His ‘attendance in the House for four or five nights in the week’ became ‘more and more unpleasant and fatiguing’ (15 June) and a sharp attack of jaundice laid him low and forced him to ‘give up the House of Commons for the rest of the session’, 4 July 1804.4
Baillie was listed under ‘Pitt’ in the ministerial analysis of September 1804, as he was again in July 1805, after voting against the censure of Melville, 8 Apr. He voted for the Grenville ministry’s repeal of the Additional Force Act, 30 Apr. 1806, but did not rally to them when they came to grief on the Catholic question in 1807. They did not consider him to be ‘adverse’ to the abolition of the slave trade and he was not among those who made a last stand against the measure in March 1807.
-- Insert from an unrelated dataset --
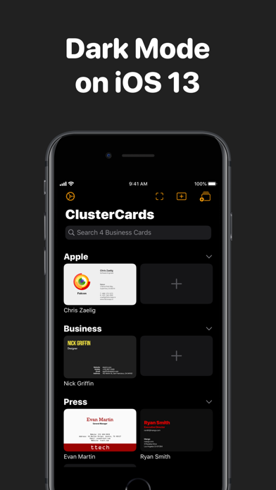 ClusterCards is an easy to use business card scanner. Just snap a picture of any business card and ClusterCards lets you skip the typing by automatically finding and transcribing all the key information, such as emails and phone numbers. - QuickScan*: Quickly scan multiple business cards at once - Advanced Card Scanner: Automatically detects cards, cropping and enhancing them before pulling out key data such as phone numbers and emails found on the card - Quick Actions: Quickly share or contact people with quick actions (for example, a call action next to a phone number) - Siri Shortcuts: Scan, manage, and edit your business cards in the Shortcuts app or using Siri - Card Groups*: Organise your business cards into custom groups - Auto Contacts Sync*: Automatically add each scanned card to your contacts - Scan your card: Scan your business card to send it to people you meet - Zoom and enhance cards: If you missed a detail on a card or the lighting wasn't good, you can enhance and zoom cards - Instant Search: Search for cards or even information such as emails found within cards - Card Protection*: Lock ClusterCards with Touch ID or Face ID to prevent others using your phone from accessing your data - Export Cards*: Export your cards to the VCard/VCF format to import them into a CRM or transfer them - Dark Mode: ClusterCards completely supports dark mode on iOS 13 *ClusterCards is free and supports unlimited business cards. Some features require ClusterCards+, an optional subscription which unlocks additional features and supports the continued development of ClusterCards. ——— ClusterCards is completely made by Julian Schiavo. Have questions or feedback about ClusterCards? Get in touch by sending an email within the app or on ClusterCards' Twitter, @ClusterCardsApp. Enjoy using ClusterCards? I'd really appreciate if you left a quick rating or review—it really helps!
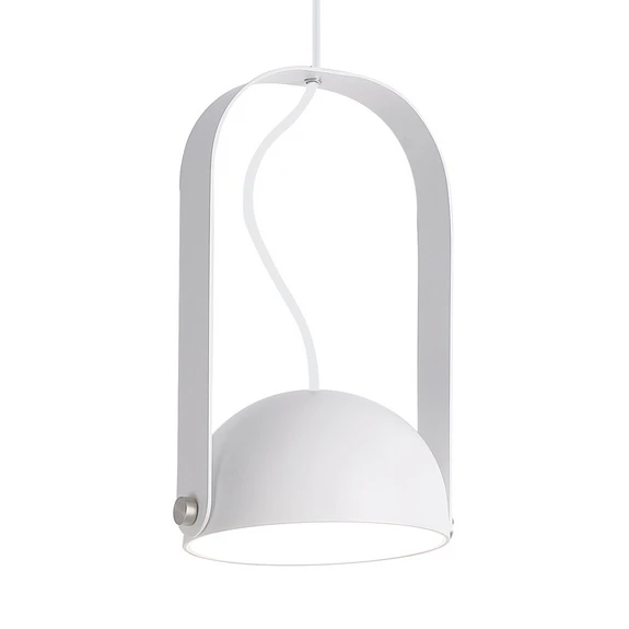 Hemi ist eine moderne LED-Hängeleuchte mit schwenkbarem Leuchtenkopf, der wie eine Halbkugel von einem metallischen Bügel gehalten wird. Durch den Bügel verläuft das Zuleitungskabel hin zum runden Deckenbaldachin. Die im Leuchtenschirm verbauten LEDs strahlen warmweißes Licht nach unten ab, was dank schwenkbarer Eigenschaften des Schirmes auch individuell ausgerichtet werden kann. Die Leuchte Hemi ist mit ihren klaren, geometrischen Formen sehr modern und die sichtbaren Schrauben verleihen ihr einen industriellen Look. Hemi eignet sich hervorragend zur Beleuchtung über dem Esstisch im Wohnbereich oder in der Küche sowie zur Ausleuchtung von Eingangsbereichen.

Baillie’s only known vote against the Portland ministry was on the Duke of York scandal, 15 Mar. 1809. Soon afterwards he fell ill, but he had recovered by July, when he went to Dochfour. He had recently failed in an attempt to procure a collectorship of customs for a supporter at Bristol. He had had little expectation of success, but was ‘hurt’ that the individual concerned and members of the Independent and Constitutional Club, formed after his election in 1802, ‘should be disappointed’ and accordingly instructed his son (to whom he wrote regularly with advice on the management of the family business) to tell Robert Claxton, chairman of the Club, that
I feel the circumstance of our disappointment, and if he and the Club approves of it, I shall for the present decline asking the ministry for any other appointment, or if they should require it, I shall with much pleasure apply for the Chiltern Hundreds.
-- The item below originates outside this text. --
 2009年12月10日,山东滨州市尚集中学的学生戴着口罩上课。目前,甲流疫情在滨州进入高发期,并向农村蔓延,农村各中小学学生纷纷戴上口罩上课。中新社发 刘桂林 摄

‘I shall not intrude myself on the present ministry (with my own consent)’, he later wrote, ‘while I continue in Parliament.’5
Baillie returned to Bristol for the winter, went to London in February 1810 and voted against the Perceval ministry on the Scheldt inquiry, 23 Feb. and 5 Mar.6 The Whigs were ‘hopeful’ of and received his support in the crucial division on the Scheldt, 30 Mar. He was back in Bristol by May 1810 and on the 13th wrote to his son:
From the thin attendance of the House on such important questions as are now agitated, I think it would be idle for me to go to town at all this session, especially as I have so good a plea as indisposition, and therefore I have made up my mind to set off for Dochfour on the second day of next month.7
He returned to Bristol in October 1810 and was summoned to London by the Whigs for the division on the Regency bill, 21 Jan. 1811, but did not go up. He later admitted that he had not attended Parliament at all during 1811, because of his own poor health and concern for the welfare of Peter Baillie, who died in September, and in July he told his leading supporters at Bristol that he would retire at the dissolution. No trace of parliamentary activity by Baillie has been found for 1812 and on 27 May he was granted six weeks’ leave of absence because of illness.8
After his retirement from Parliament he lived mainly at Dochfour, leaving active management of the Bristol business to his two surviving legitimate sons who, like their late brother, also became partners in the Bristol Old Bank. He resigned as an alderman of Bristol in 1821, pleading ‘old age and infirmity’, but did not die until 28 June 1835, in his ‘95th year’. His estate, exclusive of his Scottish property, was valued at £80,000.9
Ref Volumes: 1790-1820
Author: David R. Fisher
Notes
- 1. PCC 635 Gloucester.
- 2. Bristol Univ. Lib. Pinney mss, Evan to Peter Baillie, 24 May 1789; A. B. Beaven, Bristol Lists, 276; J. Latimer, Annals of Bristol in 18th Cent. 477, 520-1, 525; Bristol Mun. Govt. (Bristol Rec. Soc. xxix), 238; R. Pares, West-India Fortune, 175, 357.
- 3. J. G. B. Bulloch, Baillie of Dunain, 37; SRO GD23/6/364, Grant to Baillie, 4 Jan.-21 Dec. 1807.
- 4. Pinney mss.
- 5. Ibid. Grant to Peter Baillie, 1 June, Evan to Peter Baillie, 12, 13 July 1809.
- 6. Ibid. Grant to Peter Baillie, 28 Sept. 1809, Watson to same, 7 Feb. 1810.
- 7. Ibid.
- 8. Ibid. Grant to Peter Baillie, 16 Oct. 1810; Fortescue mss, Abercromby to Grenville, 8 July 1811; Bristol Gazette, 9 Jan. 1812; CJ, lxvii. 400.
- 9. C. H. Cave, Hist. Banking in Bristol, 53; Bristol Mun. Govt. 19, 55, 238; W. R. Williams, Parl. Hist. Glos. 133; The Times, 3 July 1835; prob. act bk. 1835; PCC 635 Gloucester.